Exercise: Beginning with the opening line of the entries, return every line through the one containing "One-of-a-kind, wheelthrown, brown", both included, and nothing else. Omit pictures.

Dataset records

*** Begin section ***

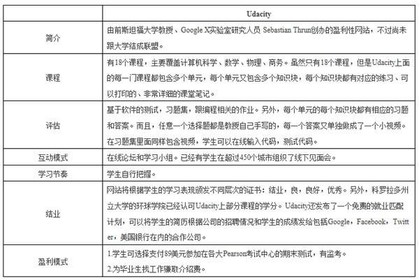 Udacity是由Se-bastianThrun、DavidStavens和MikeSokolsky創(chuàng)建的營(yíng)利組織,該組織也吸引了商業(yè)公司約2100萬(wàn)美元的投資。目前,Udacity共有涉及四個(gè)學(xué)科的20多門(mén)網(wǎng)絡(luò)課程。這些課程將包含衡量課程掌握程度的積分系統(tǒng)等。
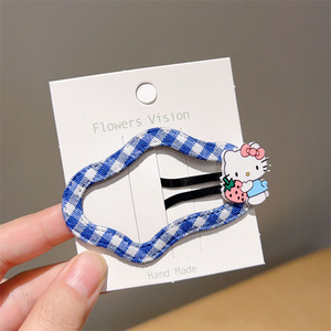 可爱kt猫蓝色格子发夹女侧边夹刘海夹碎发bb夹子发卡头饰女高级感
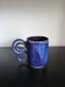 One-of-a-kind, wheelthrown, brown speckled stoneware 17oz mug (3.5"D x 4.5"H) with a butterfly-inspired handle. Hand-dipped in pink and blue glazes for a bold, dynamic finish. Perfect for tea, coffee, or any other beverage of choice!
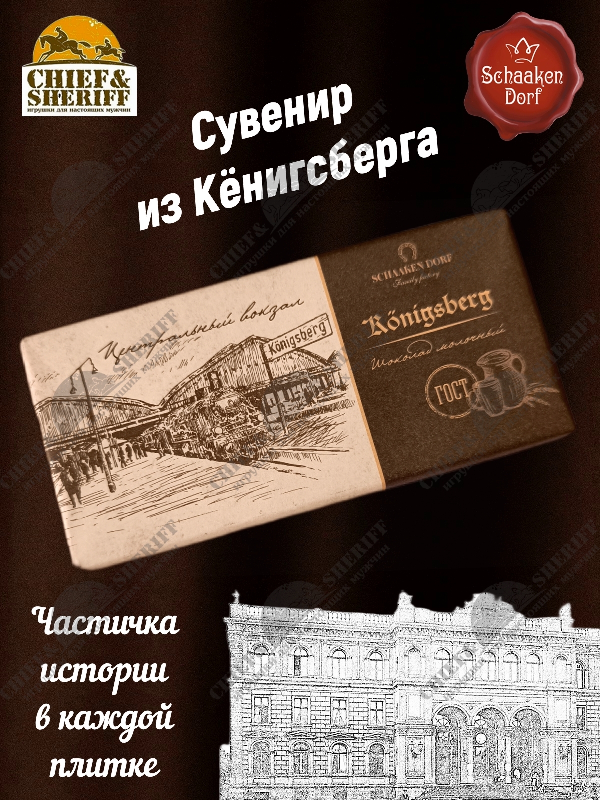 Погрузитесь в мир изысканных вкусов с молочным шоколадом от SCHAAKEN DORF, представленным в роскошной упаковке из серии "Города". На упаковке этого шоколада - город Konigsberg, ныне Калининград. Этот шоколад не только порадует вас своим насыщенным вкусом, но и станет отличным подарком для ваших близких. Каждая плитка весит 100 граммов, что делает ее идеальной для совместного наслаждения или индивидуального угощения.
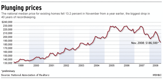 Sales of existing homes fell 8.6 percent, far more than the 1.6 percent drop expected, to an annual rate of 4.49 million in November — the slowest pace in more than 17 years. The median sales price fell by 13.2 percent from a year ago, the largest in the 40 years records have been kept, to $181,300. The price drop was probably the largest since the Great Depression, said Lawrence Yun, chief economist for the National Association of Realtors.
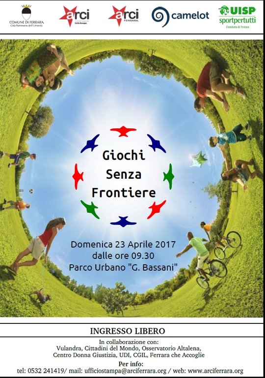 In occasione della 38° Edizione del Festival Vulandra, irrinunciabile appuntamento per aquilonisti provenienti da tutto il mondo, Arci Emilia Romagna e Arci Ferrara, in collaborazione con UISP e Camelot, invitano la cittadinanza e le diverse realtà presenti nel territorio ferrarese a partecipare e assistere alla prima edizione di “Giochi Senza Frontiere”che si svolgerà domenica 23 Aprile 2017, dalle 9.30 alle 13.30 al Parco Urbano “G. Bassani”.
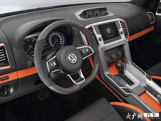 其運(yùn)動(dòng)風(fēng)格延伸至車內(nèi),大眾Amarok Power概念車采用了雙色真皮運(yùn)動(dòng)座椅,Alcantara材料內(nèi)飾以及橙色的細(xì)節(jié)修飾,此外,新車還配有運(yùn)動(dòng)方向盤,及具格調(diào)的中央操控臺等。
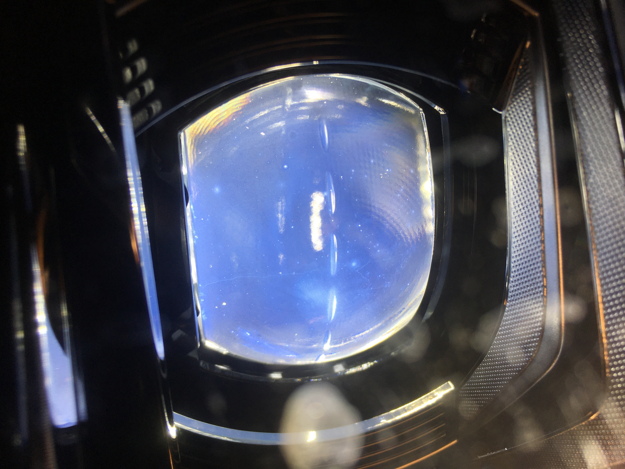 邢先生向本刊提供了自己汽車車燈的照片,從照片來看,車燈總體呈藍色,即使在黑暗的環(huán)境下燈光亮度也比較低?!拔乙郧暗能嚺涞氖躯u素車燈,感覺都比這LED燈要亮?!毙舷壬硎荆骸耙郧安辉谝獾臅r候沒什么感覺,現(xiàn)在晚上開車總感覺不安全。”

*** End section ***

Answer for this exercise:
 Udacity是由Se-bastianThrun、DavidStavens和MikeSokolsky創(chuàng)建的營(yíng)利組織,該組織也吸引了商業(yè)公司約2100萬(wàn)美元的投資。目前,Udacity共有涉及四個(gè)學(xué)科的20多門(mén)網(wǎng)絡(luò)課程。這些課程將包含衡量課程掌握程度的積分系統(tǒng)等。
 可爱kt猫蓝色格子发夹女侧边夹刘海夹碎发bb夹子发卡头饰女高级感
 One-of-a-kind, wheelthrown, brown speckled stoneware 17oz mug (3.5"D x 4.5"H) with a butterfly-inspired handle. Hand-dipped in pink and blue glazes for a bold, dynamic finish. Perfect for tea, coffee, or any other beverage of choice!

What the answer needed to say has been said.